На этот раз, чтобы все было ясно с самого начала, он вытащил из кармана горсть мелких монет и положил на перила. Не поднимая глаз, девушка нагнулась, взяла деньги и спрятала куда-то в складках своей юбки.

Через час Джордж выставил ее, и двери дома заперли на ночь. Она плакала и молила оставить ее до рассвета (как оставляли всегда ту, другую), ей страшно идти одной через заросли, где полно диких зверей, привидений и всяких ужасов, о которых она наслышалась в детстве. Джордж невозмутимо заявил, что уж если она хочет бывать здесь, то ей придется покориться и уходить, как только она не будет больше нужна. Он вспомнил ночи, проведенные в жарких объятиях с той, другой, - возможно, в этом-то и была его ошибка? Он не допустит, чтоб это повторилось.
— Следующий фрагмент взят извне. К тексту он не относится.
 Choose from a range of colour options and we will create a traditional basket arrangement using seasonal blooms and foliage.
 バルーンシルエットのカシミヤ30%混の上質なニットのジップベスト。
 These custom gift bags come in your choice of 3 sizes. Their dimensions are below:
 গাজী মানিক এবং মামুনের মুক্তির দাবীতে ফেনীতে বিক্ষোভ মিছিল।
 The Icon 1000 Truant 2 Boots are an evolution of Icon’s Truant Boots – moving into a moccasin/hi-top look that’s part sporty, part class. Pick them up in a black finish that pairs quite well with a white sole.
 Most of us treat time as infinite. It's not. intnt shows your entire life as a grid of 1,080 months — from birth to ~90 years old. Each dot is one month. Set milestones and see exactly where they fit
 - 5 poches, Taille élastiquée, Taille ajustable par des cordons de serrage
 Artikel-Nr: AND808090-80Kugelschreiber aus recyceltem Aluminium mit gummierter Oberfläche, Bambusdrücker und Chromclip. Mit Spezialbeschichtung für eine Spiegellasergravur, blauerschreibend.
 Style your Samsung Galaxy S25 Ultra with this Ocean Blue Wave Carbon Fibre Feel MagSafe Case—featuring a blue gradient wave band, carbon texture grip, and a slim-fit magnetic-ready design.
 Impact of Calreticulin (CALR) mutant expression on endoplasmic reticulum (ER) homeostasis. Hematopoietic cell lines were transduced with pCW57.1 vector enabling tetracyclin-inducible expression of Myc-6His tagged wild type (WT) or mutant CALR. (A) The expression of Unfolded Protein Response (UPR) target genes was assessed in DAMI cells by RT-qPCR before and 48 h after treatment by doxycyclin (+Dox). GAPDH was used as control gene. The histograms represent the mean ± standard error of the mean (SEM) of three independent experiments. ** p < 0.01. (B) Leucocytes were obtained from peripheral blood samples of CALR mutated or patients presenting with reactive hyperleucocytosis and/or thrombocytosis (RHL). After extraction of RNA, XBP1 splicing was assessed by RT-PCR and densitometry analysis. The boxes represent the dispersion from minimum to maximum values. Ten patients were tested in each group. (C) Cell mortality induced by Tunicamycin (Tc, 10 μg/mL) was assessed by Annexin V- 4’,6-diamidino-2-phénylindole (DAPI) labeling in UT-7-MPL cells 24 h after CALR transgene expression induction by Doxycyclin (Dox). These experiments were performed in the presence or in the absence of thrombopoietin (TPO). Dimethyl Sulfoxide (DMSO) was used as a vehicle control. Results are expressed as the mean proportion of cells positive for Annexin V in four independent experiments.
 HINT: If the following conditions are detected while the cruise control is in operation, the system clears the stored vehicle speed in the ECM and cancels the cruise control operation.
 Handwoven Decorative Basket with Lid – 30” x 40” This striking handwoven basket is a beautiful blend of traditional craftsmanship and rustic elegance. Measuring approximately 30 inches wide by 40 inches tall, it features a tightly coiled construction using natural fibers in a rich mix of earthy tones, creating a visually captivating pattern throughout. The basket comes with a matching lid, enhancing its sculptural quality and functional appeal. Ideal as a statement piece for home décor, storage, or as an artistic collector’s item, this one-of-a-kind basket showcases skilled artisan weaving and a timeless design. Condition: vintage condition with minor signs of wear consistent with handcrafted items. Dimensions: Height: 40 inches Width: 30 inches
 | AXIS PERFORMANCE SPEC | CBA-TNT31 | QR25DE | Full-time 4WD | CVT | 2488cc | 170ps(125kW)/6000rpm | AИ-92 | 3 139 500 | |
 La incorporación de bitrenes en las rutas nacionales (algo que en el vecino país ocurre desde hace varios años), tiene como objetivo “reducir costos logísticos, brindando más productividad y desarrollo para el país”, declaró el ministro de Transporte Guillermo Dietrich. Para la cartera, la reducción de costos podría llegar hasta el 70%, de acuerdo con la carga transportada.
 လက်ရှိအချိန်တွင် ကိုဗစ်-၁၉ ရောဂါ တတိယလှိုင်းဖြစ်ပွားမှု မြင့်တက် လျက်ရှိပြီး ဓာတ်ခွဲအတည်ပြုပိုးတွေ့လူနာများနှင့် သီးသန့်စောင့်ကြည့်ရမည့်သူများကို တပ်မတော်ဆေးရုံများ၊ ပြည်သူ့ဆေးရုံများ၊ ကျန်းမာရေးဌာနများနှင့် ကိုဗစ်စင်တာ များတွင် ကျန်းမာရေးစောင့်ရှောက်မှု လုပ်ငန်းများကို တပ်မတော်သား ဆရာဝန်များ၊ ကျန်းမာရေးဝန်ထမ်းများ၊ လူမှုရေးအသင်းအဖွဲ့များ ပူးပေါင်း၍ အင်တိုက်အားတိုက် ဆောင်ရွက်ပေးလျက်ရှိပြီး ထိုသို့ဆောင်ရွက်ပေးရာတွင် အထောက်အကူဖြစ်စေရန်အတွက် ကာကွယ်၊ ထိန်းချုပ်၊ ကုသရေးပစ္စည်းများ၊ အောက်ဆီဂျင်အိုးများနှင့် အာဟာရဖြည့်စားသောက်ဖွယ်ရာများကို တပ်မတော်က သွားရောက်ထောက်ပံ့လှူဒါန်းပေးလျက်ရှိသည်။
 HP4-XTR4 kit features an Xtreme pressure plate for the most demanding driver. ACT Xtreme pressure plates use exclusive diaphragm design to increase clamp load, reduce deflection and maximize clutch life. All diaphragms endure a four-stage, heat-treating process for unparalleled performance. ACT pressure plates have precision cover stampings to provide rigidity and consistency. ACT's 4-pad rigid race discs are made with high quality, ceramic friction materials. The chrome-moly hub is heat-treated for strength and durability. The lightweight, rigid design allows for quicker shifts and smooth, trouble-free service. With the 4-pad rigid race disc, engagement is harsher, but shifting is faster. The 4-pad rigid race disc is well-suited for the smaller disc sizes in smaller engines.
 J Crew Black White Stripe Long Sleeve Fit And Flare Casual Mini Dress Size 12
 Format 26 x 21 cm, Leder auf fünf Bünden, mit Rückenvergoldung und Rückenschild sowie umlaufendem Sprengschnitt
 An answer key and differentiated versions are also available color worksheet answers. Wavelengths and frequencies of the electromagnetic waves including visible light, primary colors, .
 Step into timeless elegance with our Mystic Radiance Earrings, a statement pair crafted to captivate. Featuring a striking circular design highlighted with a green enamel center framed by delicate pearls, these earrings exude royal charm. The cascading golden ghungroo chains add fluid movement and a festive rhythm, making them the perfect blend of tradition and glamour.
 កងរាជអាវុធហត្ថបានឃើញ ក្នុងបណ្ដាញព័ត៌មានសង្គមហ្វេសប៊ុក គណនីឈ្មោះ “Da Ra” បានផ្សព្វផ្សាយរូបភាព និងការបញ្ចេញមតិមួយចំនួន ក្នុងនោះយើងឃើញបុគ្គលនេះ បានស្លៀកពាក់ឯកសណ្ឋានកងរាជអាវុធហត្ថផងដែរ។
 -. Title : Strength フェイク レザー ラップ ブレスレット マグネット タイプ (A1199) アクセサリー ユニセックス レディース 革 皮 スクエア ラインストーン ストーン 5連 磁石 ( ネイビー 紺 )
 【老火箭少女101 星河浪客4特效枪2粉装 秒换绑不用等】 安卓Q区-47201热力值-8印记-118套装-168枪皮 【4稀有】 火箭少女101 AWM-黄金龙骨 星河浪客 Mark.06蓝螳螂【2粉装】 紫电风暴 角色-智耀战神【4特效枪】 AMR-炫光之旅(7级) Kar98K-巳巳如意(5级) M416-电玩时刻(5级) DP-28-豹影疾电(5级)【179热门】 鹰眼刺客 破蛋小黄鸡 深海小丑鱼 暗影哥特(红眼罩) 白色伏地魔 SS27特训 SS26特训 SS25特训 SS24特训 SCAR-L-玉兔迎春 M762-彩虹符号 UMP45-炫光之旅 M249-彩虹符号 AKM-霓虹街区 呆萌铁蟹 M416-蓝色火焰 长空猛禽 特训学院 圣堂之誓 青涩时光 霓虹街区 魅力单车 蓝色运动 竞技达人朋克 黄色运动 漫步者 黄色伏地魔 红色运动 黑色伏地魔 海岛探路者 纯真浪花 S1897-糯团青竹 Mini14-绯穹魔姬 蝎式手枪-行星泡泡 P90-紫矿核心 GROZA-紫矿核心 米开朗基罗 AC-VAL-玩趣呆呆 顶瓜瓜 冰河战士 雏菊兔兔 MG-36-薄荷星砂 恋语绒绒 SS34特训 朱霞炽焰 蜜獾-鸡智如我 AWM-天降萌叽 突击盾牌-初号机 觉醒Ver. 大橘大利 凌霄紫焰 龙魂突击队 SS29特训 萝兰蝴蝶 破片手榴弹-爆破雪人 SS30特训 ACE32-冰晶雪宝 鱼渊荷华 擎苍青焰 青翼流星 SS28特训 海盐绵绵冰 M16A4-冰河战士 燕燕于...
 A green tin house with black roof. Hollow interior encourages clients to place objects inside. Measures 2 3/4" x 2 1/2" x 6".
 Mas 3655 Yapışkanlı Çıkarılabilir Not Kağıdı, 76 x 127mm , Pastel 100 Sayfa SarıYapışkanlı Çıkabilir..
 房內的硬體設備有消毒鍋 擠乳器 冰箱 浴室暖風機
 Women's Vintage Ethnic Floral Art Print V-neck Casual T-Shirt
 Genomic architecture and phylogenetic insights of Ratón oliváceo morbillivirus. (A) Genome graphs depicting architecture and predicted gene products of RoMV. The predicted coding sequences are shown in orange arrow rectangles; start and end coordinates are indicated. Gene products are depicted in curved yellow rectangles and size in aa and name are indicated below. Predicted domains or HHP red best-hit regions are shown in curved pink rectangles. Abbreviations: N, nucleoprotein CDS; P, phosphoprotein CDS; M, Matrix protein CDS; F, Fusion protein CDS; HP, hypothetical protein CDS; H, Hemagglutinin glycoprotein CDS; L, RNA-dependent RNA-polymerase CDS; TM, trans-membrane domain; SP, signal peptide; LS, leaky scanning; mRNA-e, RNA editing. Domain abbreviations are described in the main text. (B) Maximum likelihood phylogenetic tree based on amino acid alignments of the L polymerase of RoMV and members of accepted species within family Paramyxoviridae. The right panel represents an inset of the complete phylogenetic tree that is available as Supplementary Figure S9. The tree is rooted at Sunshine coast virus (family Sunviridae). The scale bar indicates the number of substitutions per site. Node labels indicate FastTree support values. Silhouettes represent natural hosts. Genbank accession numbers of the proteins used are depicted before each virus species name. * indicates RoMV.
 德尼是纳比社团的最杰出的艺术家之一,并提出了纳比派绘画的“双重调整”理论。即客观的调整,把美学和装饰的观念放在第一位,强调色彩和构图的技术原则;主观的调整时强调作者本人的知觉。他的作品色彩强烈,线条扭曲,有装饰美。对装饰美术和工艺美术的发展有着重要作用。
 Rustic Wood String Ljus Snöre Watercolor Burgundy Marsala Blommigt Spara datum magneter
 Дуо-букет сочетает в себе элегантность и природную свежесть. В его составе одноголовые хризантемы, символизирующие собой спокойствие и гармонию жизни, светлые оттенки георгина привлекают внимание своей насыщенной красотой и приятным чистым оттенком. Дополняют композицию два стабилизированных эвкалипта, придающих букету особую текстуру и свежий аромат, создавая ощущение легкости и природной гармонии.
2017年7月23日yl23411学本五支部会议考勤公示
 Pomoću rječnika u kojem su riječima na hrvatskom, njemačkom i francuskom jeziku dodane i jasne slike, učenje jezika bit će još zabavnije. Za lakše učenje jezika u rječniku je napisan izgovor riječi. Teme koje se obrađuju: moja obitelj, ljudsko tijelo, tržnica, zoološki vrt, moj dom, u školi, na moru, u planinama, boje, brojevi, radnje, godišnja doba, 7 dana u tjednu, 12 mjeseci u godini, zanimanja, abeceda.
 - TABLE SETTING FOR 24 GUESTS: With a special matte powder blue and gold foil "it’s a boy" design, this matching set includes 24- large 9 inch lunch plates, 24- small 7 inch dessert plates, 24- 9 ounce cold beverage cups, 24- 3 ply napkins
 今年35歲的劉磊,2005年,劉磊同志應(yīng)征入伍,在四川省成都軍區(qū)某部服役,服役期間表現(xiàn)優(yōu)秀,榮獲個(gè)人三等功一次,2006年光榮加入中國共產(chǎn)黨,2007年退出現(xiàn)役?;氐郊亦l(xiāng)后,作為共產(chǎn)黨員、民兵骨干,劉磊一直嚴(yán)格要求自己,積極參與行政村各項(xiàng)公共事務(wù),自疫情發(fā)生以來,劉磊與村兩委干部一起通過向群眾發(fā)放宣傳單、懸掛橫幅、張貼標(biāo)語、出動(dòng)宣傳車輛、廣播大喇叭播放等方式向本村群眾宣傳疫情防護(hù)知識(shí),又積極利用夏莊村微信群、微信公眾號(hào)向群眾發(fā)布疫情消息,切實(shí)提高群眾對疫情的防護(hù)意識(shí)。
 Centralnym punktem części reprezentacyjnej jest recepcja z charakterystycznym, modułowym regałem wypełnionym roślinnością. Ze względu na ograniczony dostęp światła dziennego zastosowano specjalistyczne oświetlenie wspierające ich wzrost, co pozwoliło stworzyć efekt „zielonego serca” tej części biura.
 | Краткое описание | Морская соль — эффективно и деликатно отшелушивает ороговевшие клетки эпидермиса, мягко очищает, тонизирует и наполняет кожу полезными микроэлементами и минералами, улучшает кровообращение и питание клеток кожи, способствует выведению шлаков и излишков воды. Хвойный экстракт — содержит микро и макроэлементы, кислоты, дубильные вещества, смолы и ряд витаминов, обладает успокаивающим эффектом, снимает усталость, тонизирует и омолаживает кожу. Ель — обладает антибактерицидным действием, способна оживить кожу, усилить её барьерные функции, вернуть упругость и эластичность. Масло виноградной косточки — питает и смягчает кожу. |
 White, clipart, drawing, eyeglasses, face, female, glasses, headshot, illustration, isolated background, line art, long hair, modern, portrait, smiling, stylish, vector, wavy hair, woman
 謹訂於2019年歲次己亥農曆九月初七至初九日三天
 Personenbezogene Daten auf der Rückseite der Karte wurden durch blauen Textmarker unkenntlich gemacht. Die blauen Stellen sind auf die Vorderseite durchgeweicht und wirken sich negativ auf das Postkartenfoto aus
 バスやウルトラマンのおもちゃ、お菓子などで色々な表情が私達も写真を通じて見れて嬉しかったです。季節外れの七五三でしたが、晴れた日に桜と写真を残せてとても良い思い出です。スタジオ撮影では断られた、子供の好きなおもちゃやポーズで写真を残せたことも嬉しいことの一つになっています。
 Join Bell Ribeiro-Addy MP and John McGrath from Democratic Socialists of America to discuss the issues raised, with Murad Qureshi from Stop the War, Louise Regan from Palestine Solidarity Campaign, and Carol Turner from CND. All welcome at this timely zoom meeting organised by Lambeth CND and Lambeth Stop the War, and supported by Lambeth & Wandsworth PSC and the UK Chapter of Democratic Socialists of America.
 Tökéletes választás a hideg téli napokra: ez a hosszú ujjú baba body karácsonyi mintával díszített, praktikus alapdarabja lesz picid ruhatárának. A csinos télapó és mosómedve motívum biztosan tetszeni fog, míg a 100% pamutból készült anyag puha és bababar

Девушка горько плакала в первую ночь и еще сильнее - во вторую. Джордж предложил, чтобы за ней приходил кто-нибудь из братьев. Но она так смутилась, что он понял - на такие вещи она смотрит так же, как и он: все ничего, пока соблюдены приличия. И все-таки Джордж отослал ее домой; он старался не думать, как она пойдет одна по залитой лунным светом дорожке, быстро перебегая через черные тени, и будет плакать от страха, как плакала в его объятиях, прежде чем уйти.

Когда Джордж встретился со Смоуком, он знал, что разговор об этом неизбежен, и ждал, когда Смоук заговорит.

Исполненный решимости не показать, что он чувствует за собой какую-то вину (что удивило и разозлило его), Джордж наблюдал, как Смоук отпускает племянника и ждет, пока тот выйдет на дорогу к поселку; потом Смоук повернулся к Джорджу и, умоляюще глядя на него, сказал:

- Молодой баас, есть вещи, о которых нам не следовало бы говорить. - Джордж молчал. - Молодой баас, тебе пора взять себе белую жену.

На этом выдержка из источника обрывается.